### What you are asked to do
Every line from the one containing "Der Kampf um" to the one containing "kereiführung, sie aus" in the records below, both included, must be set down exactly, and no other line.

[[ Given information open ]]

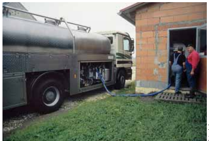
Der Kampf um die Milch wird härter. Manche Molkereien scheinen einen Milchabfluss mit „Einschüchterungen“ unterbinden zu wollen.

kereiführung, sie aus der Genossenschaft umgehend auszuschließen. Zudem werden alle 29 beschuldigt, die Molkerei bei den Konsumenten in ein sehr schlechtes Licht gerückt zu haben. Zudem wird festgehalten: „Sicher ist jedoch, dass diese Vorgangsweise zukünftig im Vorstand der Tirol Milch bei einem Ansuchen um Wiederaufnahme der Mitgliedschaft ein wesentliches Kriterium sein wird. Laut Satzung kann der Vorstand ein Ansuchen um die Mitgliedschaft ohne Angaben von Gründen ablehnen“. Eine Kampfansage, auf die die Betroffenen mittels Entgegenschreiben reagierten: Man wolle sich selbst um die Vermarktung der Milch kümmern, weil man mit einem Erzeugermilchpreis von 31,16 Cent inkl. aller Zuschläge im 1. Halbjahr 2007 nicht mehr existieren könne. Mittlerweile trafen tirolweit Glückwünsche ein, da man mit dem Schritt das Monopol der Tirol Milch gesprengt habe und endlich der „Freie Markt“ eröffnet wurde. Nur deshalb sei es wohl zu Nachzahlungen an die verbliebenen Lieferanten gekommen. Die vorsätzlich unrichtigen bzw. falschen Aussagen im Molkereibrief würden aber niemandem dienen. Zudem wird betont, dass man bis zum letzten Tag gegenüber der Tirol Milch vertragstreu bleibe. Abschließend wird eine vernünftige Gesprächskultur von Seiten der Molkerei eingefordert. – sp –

[[ Given information closed ]]
[[ Given information open ]]

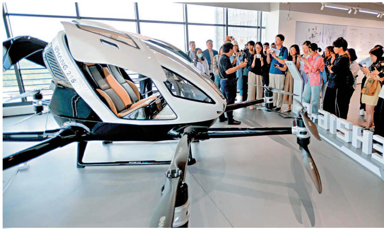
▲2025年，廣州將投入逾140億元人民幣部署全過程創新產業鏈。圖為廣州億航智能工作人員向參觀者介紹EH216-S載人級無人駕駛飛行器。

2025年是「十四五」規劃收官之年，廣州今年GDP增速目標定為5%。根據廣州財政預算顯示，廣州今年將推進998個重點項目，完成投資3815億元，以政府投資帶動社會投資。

[[ Given information closed ]]

### Finished exercise
Der Kampf um die Milch wird härter. Manche Molkereien scheinen einen Milchabfluss mit „Einschüchterungen“ unterbinden zu wollen.

kereiführung, sie aus der Genossenschaft umgehend auszuschließen. Zudem werden alle 29 beschuldigt, die Molkerei bei den Konsumenten in ein sehr schlechtes Licht gerückt zu haben. Zudem wird festgehalten: „Sicher ist jedoch, dass diese Vorgangsweise zukünftig im Vorstand der Tirol Milch bei einem Ansuchen um Wiederaufnahme der Mitgliedschaft ein wesentliches Kriterium sein wird. Laut Satzung kann der Vorstand ein Ansuchen um die Mitgliedschaft ohne Angaben von Gründen ablehnen“. Eine Kampfansage, auf die die Betroffenen mittels Entgegenschreiben reagierten: Man wolle sich selbst um die Vermarktung der Milch kümmern, weil man mit einem Erzeugermilchpreis von 31,16 Cent inkl. aller Zuschläge im 1. Halbjahr 2007 nicht mehr existieren könne. Mittlerweile trafen tirolweit Glückwünsche ein, da man mit dem Schritt das Monopol der Tirol Milch gesprengt habe und endlich der „Freie Markt“ eröffnet wurde. Nur deshalb sei es wohl zu Nachzahlungen an die verbliebenen Lieferanten gekommen. Die vorsätzlich unrichtigen bzw. falschen Aussagen im Molkereibrief würden aber niemandem dienen. Zudem wird betont, dass man bis zum letzten Tag gegenüber der Tirol Milch vertragstreu bleibe. Abschließend wird eine vernünftige Gesprächskultur von Seiten der Molkerei eingefordert. – sp –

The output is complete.